Salisbury représente déjà une étape importante dans la carrière d’Uria heep.
Sortie quelques mois auparavant, le premier album leurs avait value d’être considéré comme un sosie de Deep purple.
Si le rapprochement peut paraitre flatteur pour un premier essaie, il risquait de cantonner le groupe à un rôle de second couteau honorable.

Car le hard rock est encore en pleine construction, et tous ce qui n’est pas neuf semble condamné à mourir.
« Salisbury » doit donc être le virage artistique qui permettra au groupe de booster sa carrière.
Pour cela, Uria Heep ira chercher l’inspiration dans un autre mouvement en pleine construction : le prog rock.

Il est vrai que la voie lyrique de Byron justifiait ce virage plus raffiné et, si on regarde les albums à venir, « salisbury » à bien remplit son rôle d’accélérateur.
« salisbury » a toutefois tendance à en faire un peu trop, ce qui lui vaudra les attaques des fans de prog.

Car l’équilibre entre mélodies épiques et riffs rageur n’est pas encore pleinement maitrisé, et le coté expérimental et progressif l’emporte parfois (souvent).
Mais le heep n’est pas Yes et ces expérimentations, aussi passionnantes soit elle, paraissent bien limités comparés aux exploits des progueux anglais.

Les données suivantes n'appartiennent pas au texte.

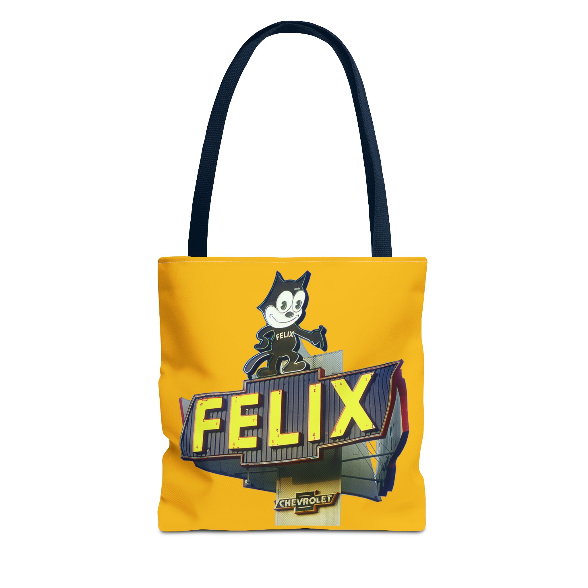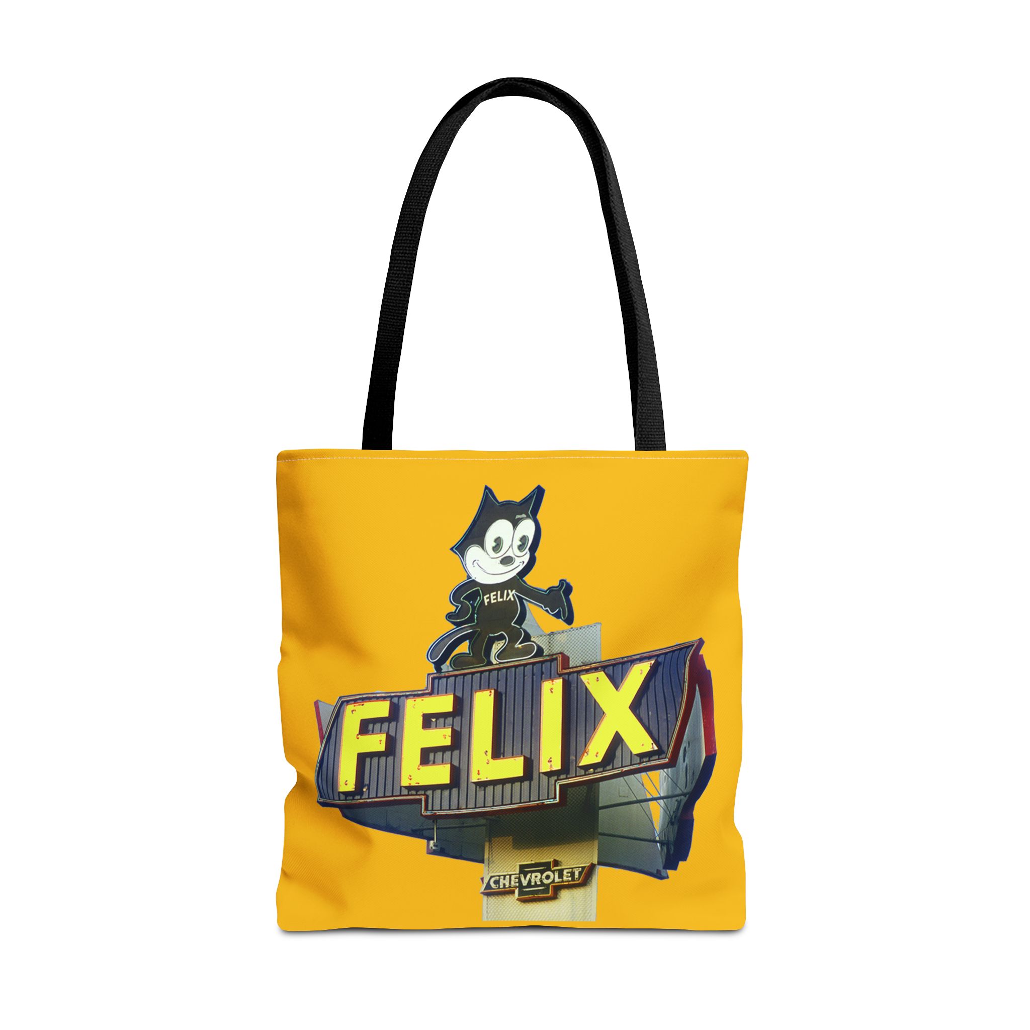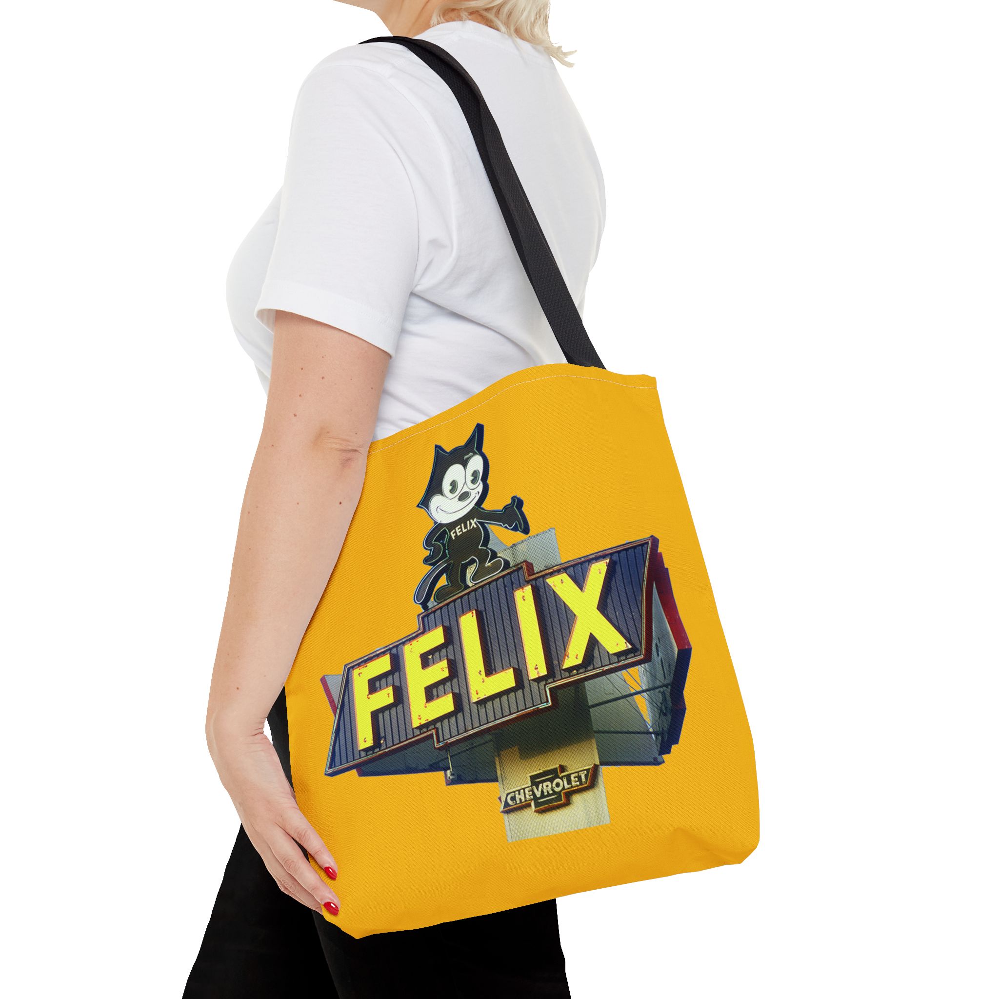 This trendy tote bag features a Felix the Cat sign design, giving off a nostalgic and retro vibe. Perfect for those who love vintage aesthetics and want to add a unique touch to their everyday style. Ideal for anyone looking for a statement piece to carry their essentials in. Great for gifting during holidays and special occasions.
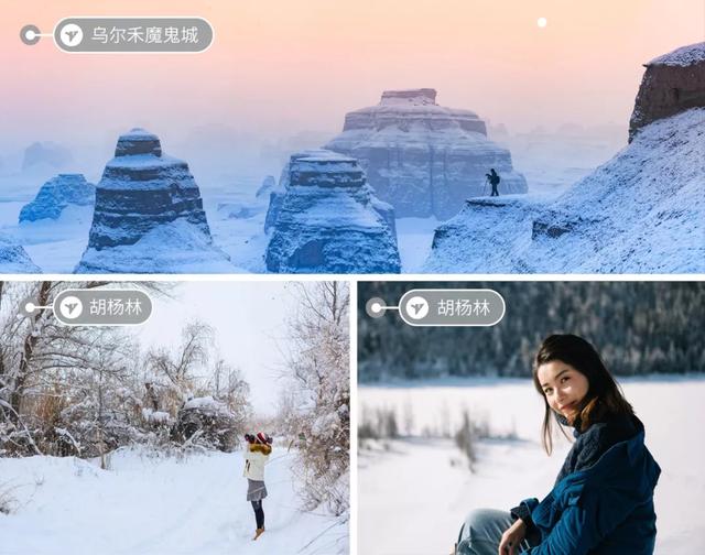 感受被雪花覆盖的魔鬼城,体验这雅丹风貌和浪漫雪花的融合,戈壁石柱被雪花掩盖住了不羁气息,多添一份柔和温婉。之后车观百里油田和野胡杨林,最后抵达克拉玛依。
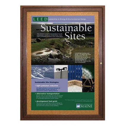 Radius Edge Poster Display Cabinet is built to withstand everyday outside elements while presenting your posters or other announcements. Weep holes are installed on the bottom of the cabinet to help expel any water. Vents help dissipate any and reduce any condensation buildup. Aluminum backing is secured with moisture-blocking silicone sealant.
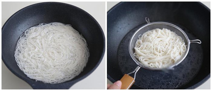 - Sau khi luộc xong, vớt mì ra, cho ngay vào bát nước lạnh để mì nguội.
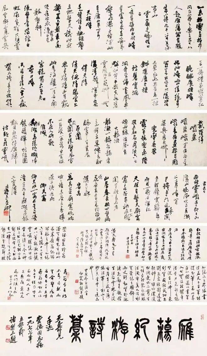 无论谋篇、行气、单字结构, 还是单字内部的空间分割;无论章法行列之间被刻意强调并充分调度的聚散、避让、倾轧、生克, 还是结字造型的大小错落、斜正穿插、疏密映衬以及移位、反常、重心欹侧多变, 乃至由字与行、点线与空白的图地互动关系所建构的收放对比、动静对比、虚实对比, 无不贯穿着造险、破险、以险制夷、反欹为正的主导动机。那种平直的线条、匀称的结构部件、娴静整齐的字形和行列, 是与之绝缘的。在某些作品中, 不仅通过减缩、夸张、错置、割裂单字结构的方式, 以服务于章法上的开合起落效果, 而且打破行行相列、正文与署款主从分明的传统习惯, 使正文的一部分写成独行大字, 另一部分骤然变小而与署款相混同。
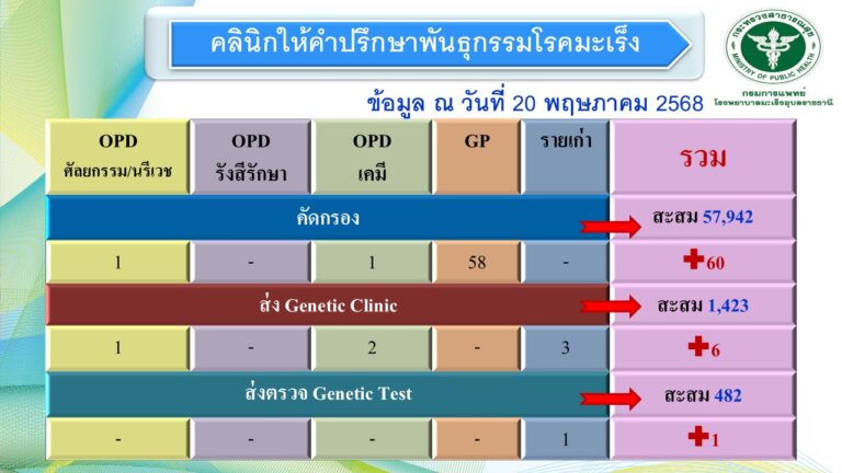 รายงานคลินิกให้ปรึกษาพันธุกรรมโรคมะเร็ง รพ.มะเร็งอุบลราชธานี 20 พฤษาคม 2568
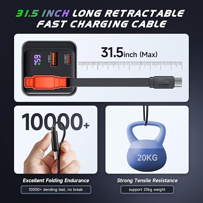 - New Design USB C Charger Block with Retractable Type C Charging Cable : Comes with a built-in convenient 31.5 inch retractable fast-charging cable, ensuring you always have the perfect length and neatly retracts for easy storage and portability.
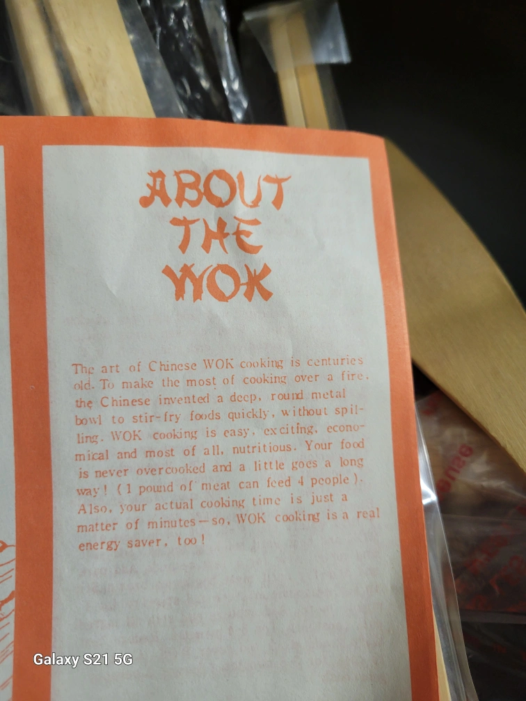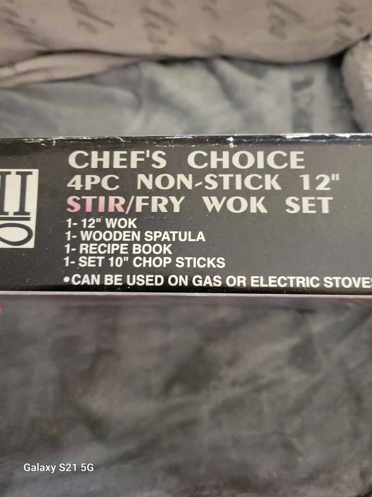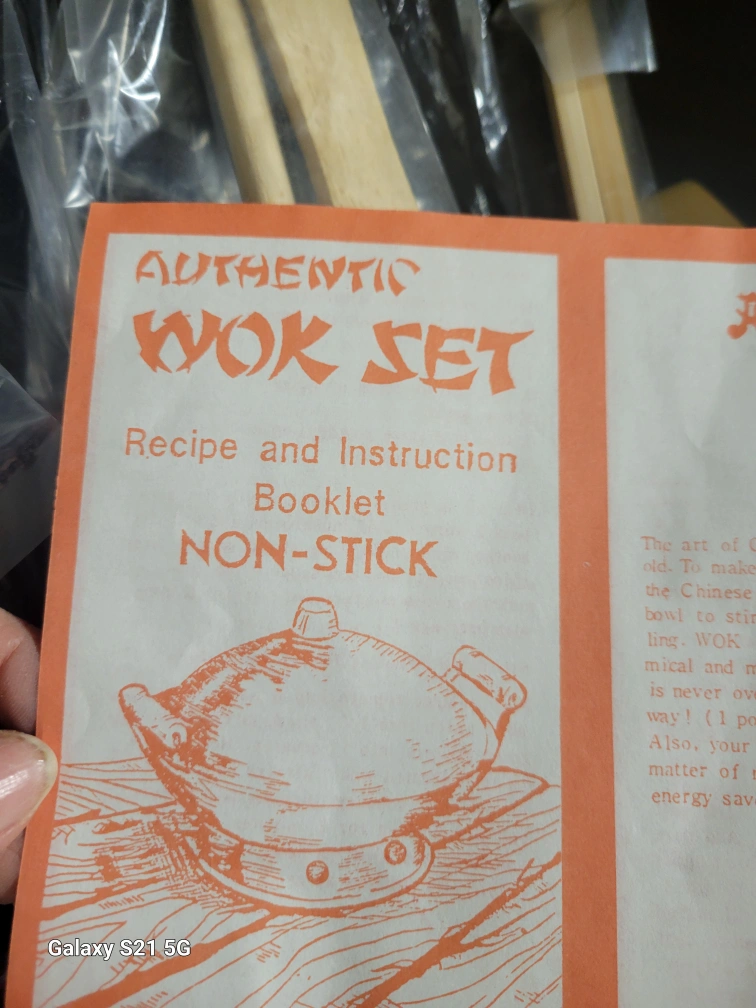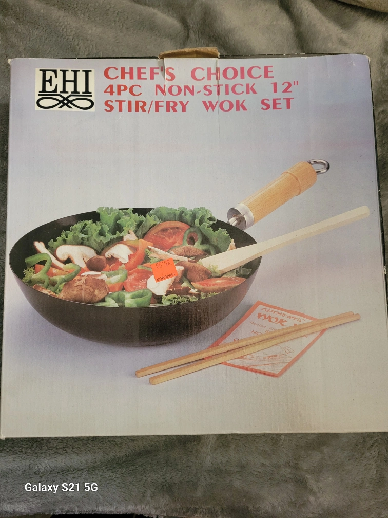 Vintage 4pc non-stick 12" stir/fry wok set, includes a 12" wok, wooden spatula, recipe book, and set of 10" chop sticks. Can be used on gas or electric stove.

C’est d’ailleurs ce paradoxe qui rend la critique de cet album compliqué.
Car, malgré ses limites et sa tendance à partir dans des expérimentations pouvant paraitre pompeuses pour du hard rock, « salisbury » est bien un des plus grands albums du heep.
Et c’est aussi ce coté bancal et mal calculé qui fait le charme de cet album.
Car, aussi paradoxale que cela puisse paraitre, le Heep ne pouvait faire cet album qu’à ce stade de sa carrière.

Parce que le publique n’avait pas encore bien définit ce groupe, et que l’époque si prêtait, « salisbury » était l’album qu’il fallait sortir à ce moment la.
Vue sous cette angle, les rythmiques Jazzy , les sonorités folk et la longue suite finale deviennent les témoins d’une créativité inédite.
On oubliera donc les parallèles douteux pour prendre cet album pour ce qu’il est : Un album envoutant témoins d’une liberté créative remarquable.

Et, si ces expérimentation trouveront leurs aboutissement sur « the magician’s birthday » et « desmond and wizard » , il perdront le charme lié aux imperfection de « salisbury ».

En 1973, le groupe hurlera d’ailleurs son amour des décibels à travers un live monumental malgré son manque de finesse.
La page « salisbury » était tournée et on le regretterait presque.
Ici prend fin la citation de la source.